Even with the change in the insolvency code, companies and their creditors continue to favor out-of-court restructuring. "Until recently, businesses had to solve their insolvencies outside court," says Vári. "Creditors and debtor had to find common ground."
Since the crisis, the biggest and most high-profile case involved the chemicals company BorsodChem Zrt. Creditors approved the consensual plan in June after more than a year of negotiations.

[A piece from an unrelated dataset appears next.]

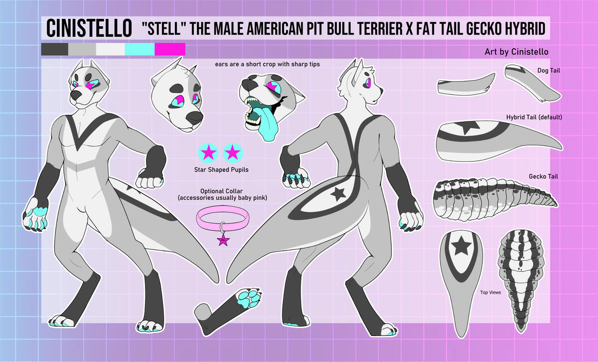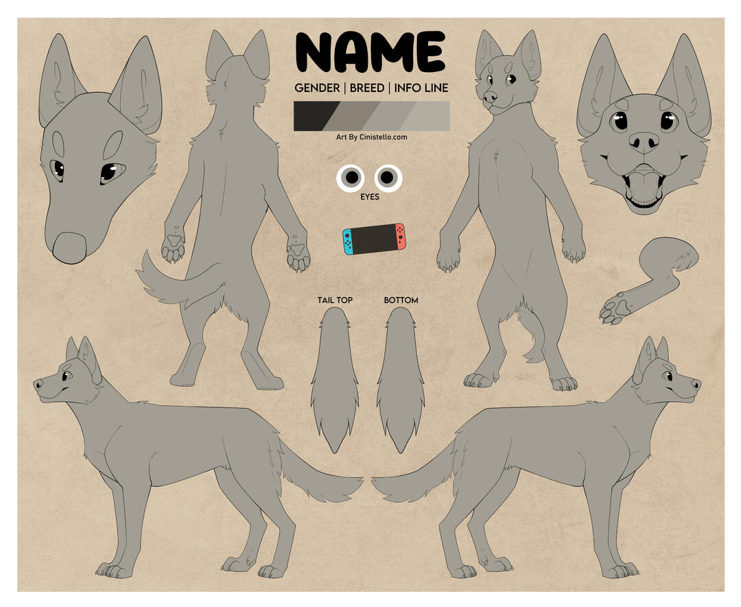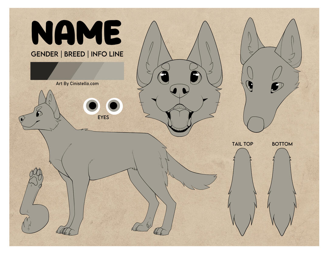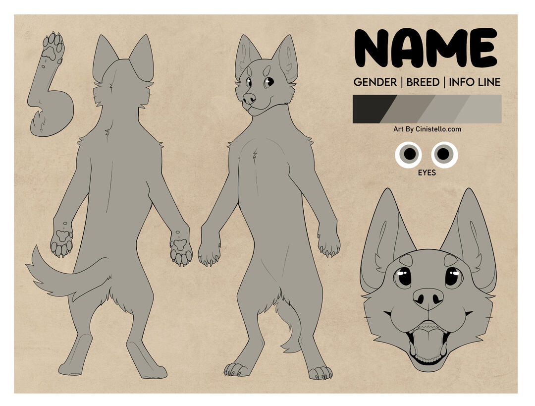 This includes all poses seen; front/back standing, side view, tail closeups, two headshots, bottom of foot, and an item of your choice. Additional side view included if character is asymmetrical or has an alt design/paletteVery complex characters or heavy line edits will incur a +$10 fee
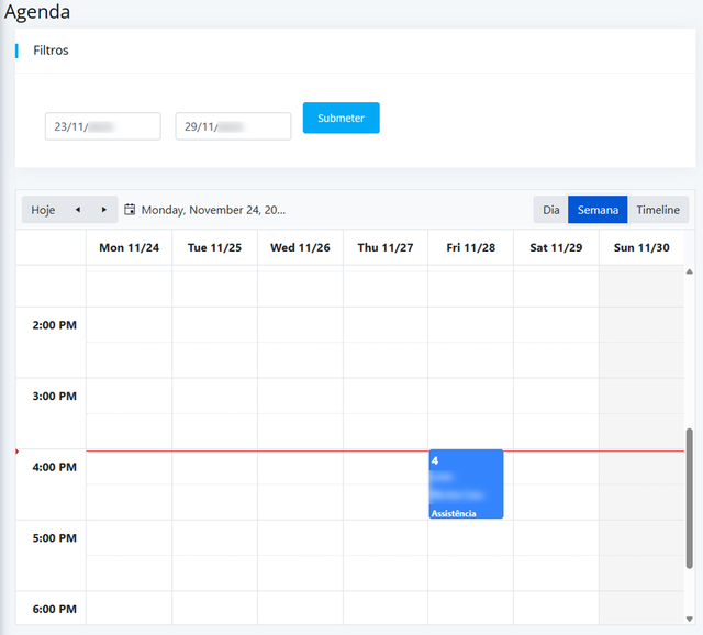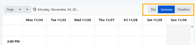 Por defeito, o calendário carrega a agenda da semana corrente.

London-based private equity firm Permira Advisers LLP and its junior partner, Vienna Capital Partners Unternehmensberatungs AG, or VCP Capital Partners, acquired the isocyanates and polyurethanes producer through a leveraged buyout in 2006. The deal restructures €1.4 billion in debt. Under the agreement, China's Wanhua Industrial Group Co. Ltd. converts mezzanine debt it acquired into a 38% stake in BorsodChem's holding company and provides €140 million in senior debt. Wanhua has an option to obtain the remaining shares in the company from Permira and VCP.
Papp, who worked on the restructuring and represented more than 50 senior lenders, believes it is a model for other workouts. Others, though, point out that BorsodChem, which is in a poor region of Hungary, is heavily freighted politically and that China may be motivated by more than economics.